# Mayan Stingless Beekeeping in Clay Pots by the Nahuas indigenous people



## zabadoh (Jul 18, 2019)

Documentary in Spanish. The beekeeping and honey extraction is in the first 15 minutes.






From Wikipedia: "The Nahua comprise the largest indigenous group in Mexico and second largest group in El Salvador."

https://en.wikipedia.org/wiki/Nahuas

Apparently, this species, Melipona Beecheii, and the native beekeeping practice is going extinct in its native habitat of the Yucatan Peninsula, but keeping them is a popular hobby in Cuba.
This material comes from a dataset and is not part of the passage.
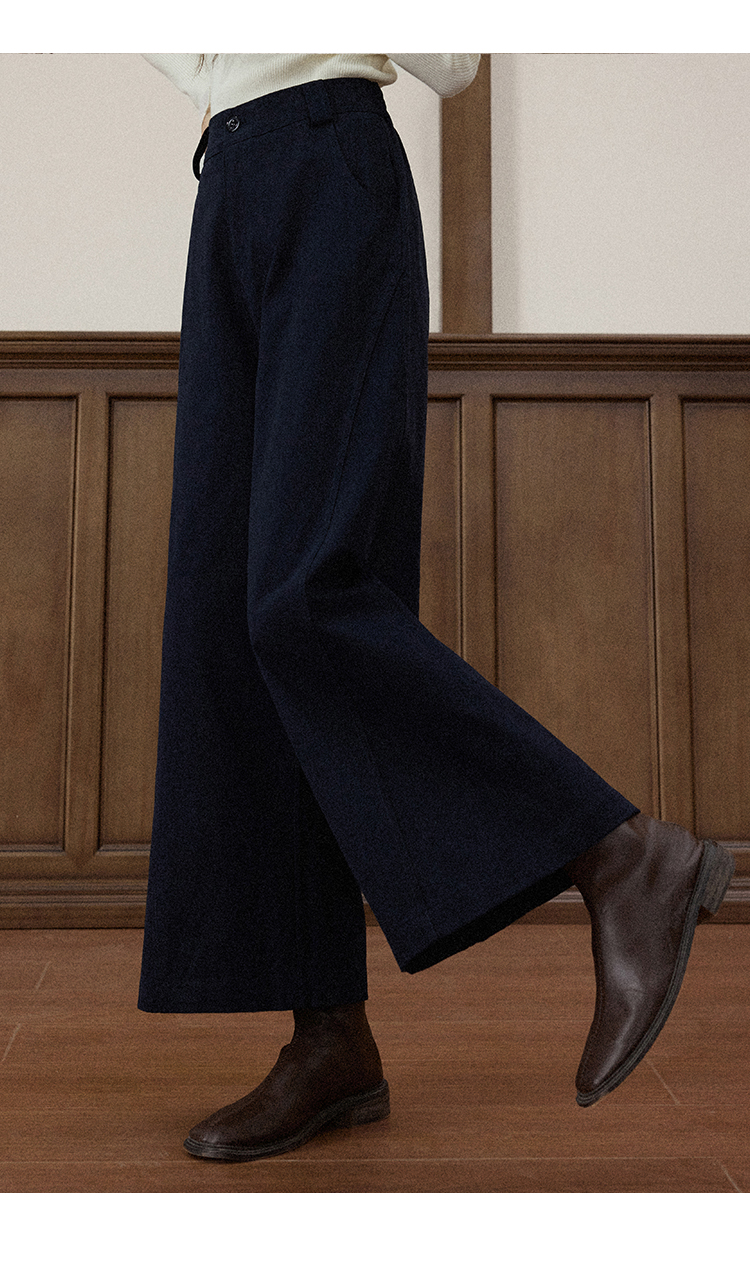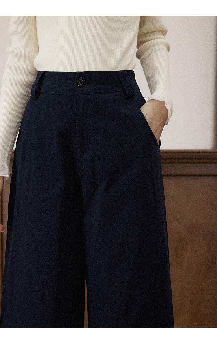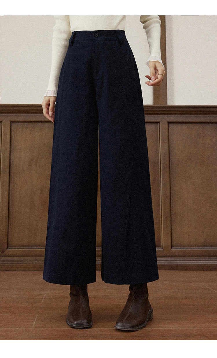 【6折秒杀】鹿向南「月下吟诗」藏蓝色高腰阔腿裤女秋冬季垂感宽松休闲直筒裤

https://www.npr.org/sections/thesal...bees-mysteriously-find-a-sweeter-home-in-cuba


----------



## Michael Palmer (Dec 29, 2006)

Not sure I can agree with the doom and gloom. I've seen Melipona beecheii in Mexico twice in recent years. In face I saw three species of Melipona in Veracruz, and three species of another stingless bee, Trigona in the same apiary. I've seen Melipona kept in log hives, box hives, and traditional clay hives as in the above photo. I've seen Trigona in trees and box hives. Just last week I saw species of Melipona and Trigona in Oaxaca Mexico. Also was given a Trigona honey pot from a box hive in Xochimilco, MX. The Melipona honey in Veracruz tasted of vinegar, but still interesting. The Trigona honey last week was slightly acid but delicious and sweet. Plenty of honeys from these bees being sold in the market place. Probably not all as advertised, but still, some pure Melipona honey is there. And, I believe there are now educational programs for women in the Yucatan to promote Melipona culture.

Also, I know a professor in Virginia who promotes Melipona culture in the Amazon. He has devised a box hive that allows honey harvest without destroying the colony as is often done in the traditional clay hives, and also reduces losses to a predatory fly.


----------



## Paulzie (Feb 19, 2020)

Any idea why they are not permitted in the USA? Would another Pollinator really be a bad thing? Is there some other reason?
I had looked into these several years ago because of the "Stingless" part  
The honey is supposed to be good and different but also more watery.
I've seen a few shows about them. I'm sure theres several on Youtube


----------



## Michael Palmer (Dec 29, 2006)

Yes, thinner. I found the Melipona/Trigona honey in Veracruz...west coast of Mexico...a bit of a vinegar flavor. In Xochimilco near Mexico City the Trigona honey was sweeter.


----------



## Paulzie (Feb 19, 2020)

Been reading lots of sites on Stingless bees
Found this post - https://www.honeybeesuite.com/are-stingless-bees-moving-north/
Seems some were found in Palo Alto, CA
another story about them on that site - https://www.honeybeesuite.com/immigrant-bees-that-colonized-north-america/

Anyone on here from Palo Alto?


----------